Sometimes, when a distressed company foresees an insolvency proceeding against it, it begins to look for opportunities to transfer its assets to other group companies or certain Creditors to the exclusion of other Creditors. Such actions by a distressed company jeopardizes the interests of its Creditors. If distressed companies participate in such avoidable transaction(s) after being admitted for insolvency, the National Company Law Tribunal (NCLT) has the power to undo such avoidable transaction(s) to protect the interests of Creditors.
Preferential transactions
As the name itself suggests, a preferential transaction in simple terms means those transactions where one person is given preference over another. In the context of the Code, a transaction is considered preferential in nature when a distressed company enters into a transaction to transfer its property in favour of one or more Creditor(s), to the exclusion of the others. The Code also deals with certain other nuances in this regard which are to be borne in mind.
The preliminary determination of whether a transaction is a preferential transaction is made by a resolution professional. After the initial determination, the resolution professional may prefer an application to the NCLT for seeking orders against such preferential transactions.

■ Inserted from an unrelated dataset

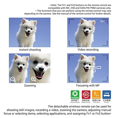 ✅ Funkcja zdalnego sterowania:: Funkcja zdalnego sterowania: fotografowanie zdjęć / nagrywanie wideo / powiększanie aparatu / regulacja ręcznej ostrości / wybieranie elementów lub aplikacji / przypisywanie przycisku Fn1 lub Fn2 (tylko dla aparatów Nikon Z6II Z7II Z fc Z50 i COOLPIX P950). Odległość robocza: ok. 10 m.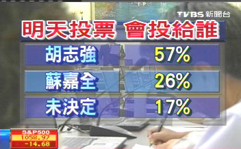 中新網(wǎng)5月26日電 據(jù)臺灣TVBS報道,藍綠陣營五都選將都已經(jīng)確定,TVBS于25日晚針對大臺中“直轄市長”參選人胡志強和蘇嘉全兩人進行民調(diào),“假如明天就是投票日,您比較會投給哪一位?”結(jié)果胡志強以57%勝蘇嘉全的26%。

However, any order of reversal of such transactions has to be made prior to the approval of the resolution plan by the NCLT.
Relevant period
Transactions are considered preferential transactions ONLY when such transactions are carried out during the ‘relevant period’. Relevant period is of significance to determine whether a transaction would be categorised as preferential or not. If a transaction giving preference to a particular Creditor, to the exclusion of the others, has not occurred within the prescribed look back period then such transaction will not be treated as a ‘preferential transaction’. Hence, to determine a preferential transaction, the resolution professional must first assess whether such transaction had occurred within the prescribed look-back period.
For instance –
In case of a related party, as defined under the Code itself, the look back period is 2 (two) years immediately preceding the admission of the corporate debtor into insolvency. If the corporate debtor is admitted for insolvency on April 01, 2022; the look back period would be the period between April 02, 2020 to April 01, 2022 (date of commencement of corporate insolvency resolution process of corporate debtor). Therefore, any transaction entered into by the corporate debtor with a particular Creditor being a related party, prior to this time period will not be treated as preferential.
In any other case, the look back period is 1 (one) year immediately preceding the admission of the corporate debtor into insolvency. Using the same example, the look back period in this case would be between April 02, 2021 to April 01, 2022 (date of commencement of corporate insolvency resolution process of corporate debtor). Similarly, any transaction entered into by the corporate debtor with a particular Creditor, prior to this time period will not be treated as preferential.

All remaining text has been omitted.